Road projects again at top of Pataskala's agenda
Pataskala City Council in 2013 is expected to continue improving roads by issuing debt and plans to contract with an engineering company instead of hiring a full-time city engineer.
City Council approved $2.25 million to complete projects on the following roads: Mill Street from Broad Street to Columbia Road; Court Road; Hollow Road from Alward Road to Headleys Mill Road; Third Avenue from North End Drive to First Avenue; and the following roads in the Bright Waters subdivision: Veasey, Robin, Hickory and Adams lanes.
The city will issue debt for the road projects, said Finance Director James Nicholson.
The debt includes $500,000, Pataskala's required match for the state's $2.5 million Broad Street resurfacing project within its city limits, and another $250,000 for related improvements to sidewalks.
City Administrator Timothy Boland said Pataskala is required to contribute 20 percent of the total cost of the project.
Work on Broad Street is expected to begin after May 1.
"The year 2013 is going to be so much more, because you're doing a major road like Broad Street," Boland said. "It requires coordination with businesses, property owners and residents to make the project as smooth as possible and not disruptive."
Boland said the city had hoped to complete sidewalks along Broad Street from Main Street to the eastern city limits, but the project cost is estimated at $1.8 million.
City Council agreed Dec. 10 not to include any more debt for that project, opting instead to use the $250,000 already included in the budget to rework a smaller section of the sidewalk.

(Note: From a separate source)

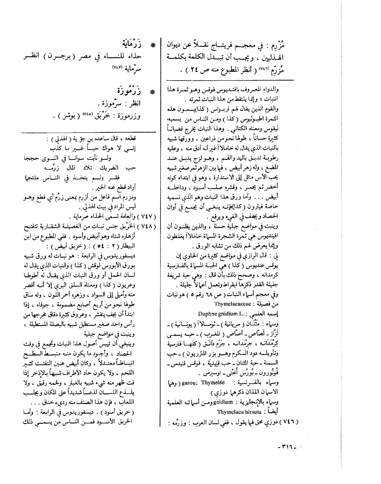 مُزْرِم: في معجم فريتاج نقلاً عن ديوان الهذليين، ويجب أن تبدل الكلمة بكلمة مُزرِّم (انظر المطبوع منه ص24).

Also on Dec. 10, City Council agreed to issue another $2.4 million in debt to make improvements to Mink Street, following the announcement that the city will receive a $3.6 million grant from the Mid-Ohio Regional Planning Commission and is in line to receive a $375,000 grant and $125,000 interest-free loan from the Ohio Public Works Commission.
The funds would be used to reconstruct 2.5 miles of Mink Street from Broad Street to Morse Road.
The two grants are on different timelines -- the OPWC funding will be received in 2013-14 and the MORPC funding in 2016-17 -- which means the project will be completed in two phases.
With both funding sources, the city expects to receive $4.25 million in grants and loans to fund more than half of the $8 million project.
The 2013 budget includes matching funds for the first phase of the project, Nicholson said.
The city will use the 2011 Roadway Asset Management Plan to complete road projects.
The RAMP identified an estimated $17 million in road repairs. In 2012, the city completed the first phase of road improvements, spending $3.2 million on nine road projects and improving seven miles of roadway.
A new engineering firm -- for now
At one point last year, City Council was leaning toward hiring an in-house engineer to replace its contracted engineering firm, EMH&T of Columbus.
Ultimately, council members decided to contract for engineering services again this year, but probably not with EMH&T. EMH&T was paid $86,632 in 2012 for contracted work; its contract expired Dec. 31.
The city likely will part ways with the firm because several council members have questioned EMH&T's work.
Councilman Mike Fox said discussion about hiring an in-house city engineer will continue this year.